10-11-12_001_002_003_13001_13002_this_is_an_example.svg

The object name in this case is just a string, representing an number

10001

I need to return true or false if the file name is a match for the object name. The different segments of the file name can match on their own, or any combination of two segments. In the example above, it should be true for the following cases (not every true case, just examples):

10001
10002
10003
11001
11002
11003
12001
12002
12003
13001
13002

And, we should return false for this case (among others):

13003

What I've come up with so far is this:

public bool IsMatch(string filename, string objectname)
{
    var namesegments = GetNameSegments(filename);
    var match = namesegments.Contains(objectname);
    return match;
}

public static List<string> GetNameSegments(string filename)
{
    var segments = filename.Split('_', '-').ToList();

    var newSegments = new List<string>();
    foreach (var segment in segments)
    {
        foreach (var segment2 in segments)
        {
            if (segment == segment2)
                continue;

            var newToken = segment + segment2;
            newSegments.Add(newToken);
        }
    }

    return segments.Concat(newSegments).ToList();
}

One or two segments combined can make a match, and that is enought. Three or more segments combined should not be considered.
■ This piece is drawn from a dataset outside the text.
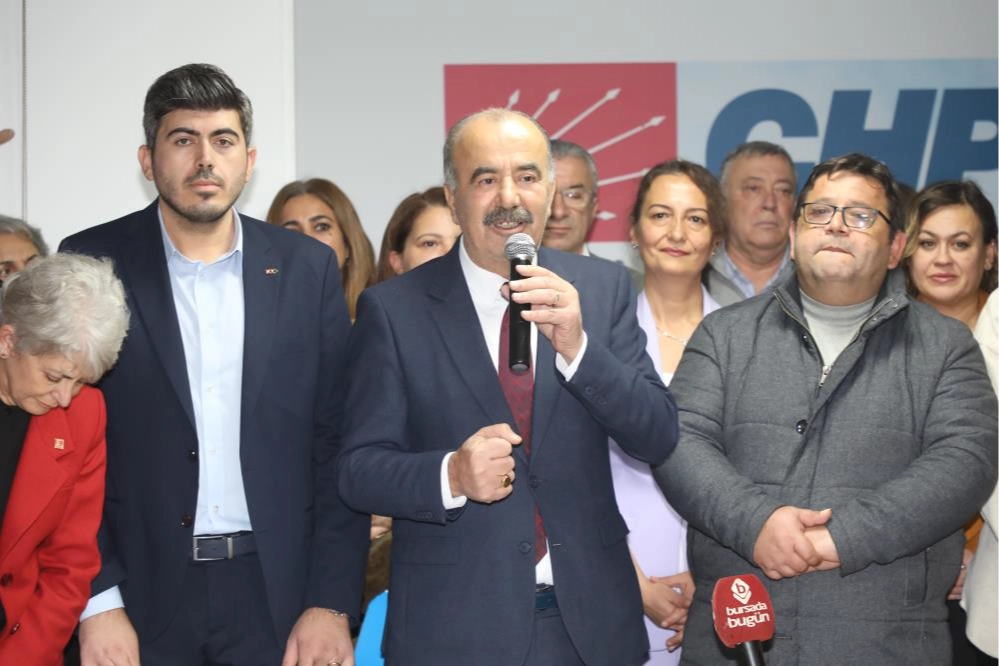 Mudanya’da üçüncü dönem görev yapmak için resmi aday adaylığı başvurusunu yapan Hayri Türkyılmaz'ın basın toplantısına eşi Gülbahar Türkyılmaz, partililer, meclis üyeleri ile Mudanyalılar katıldı.

This does work so far, but is there a better way to do it, perhaps without nesting foreach loops?

like image 951
spersson Avatar asked Dec 14 '17 11:12

spersson


2 Answers

First: don't change debugged, working, sufficiently efficient code for no reason. Your solution looks good.

However, we can make some improvements to your solution.

public static List<string> GetNameSegments(string filename)

Making the output a list puts restrictions on the implementation that are not required by the caller. It should be IEnumerable<String>. Particularly since the caller in this case only cares about the first match.

var segments = filename.Split('_', '-').ToList();

Why ToList? A list is array-backed. You've already got an array in hand. Just use the array.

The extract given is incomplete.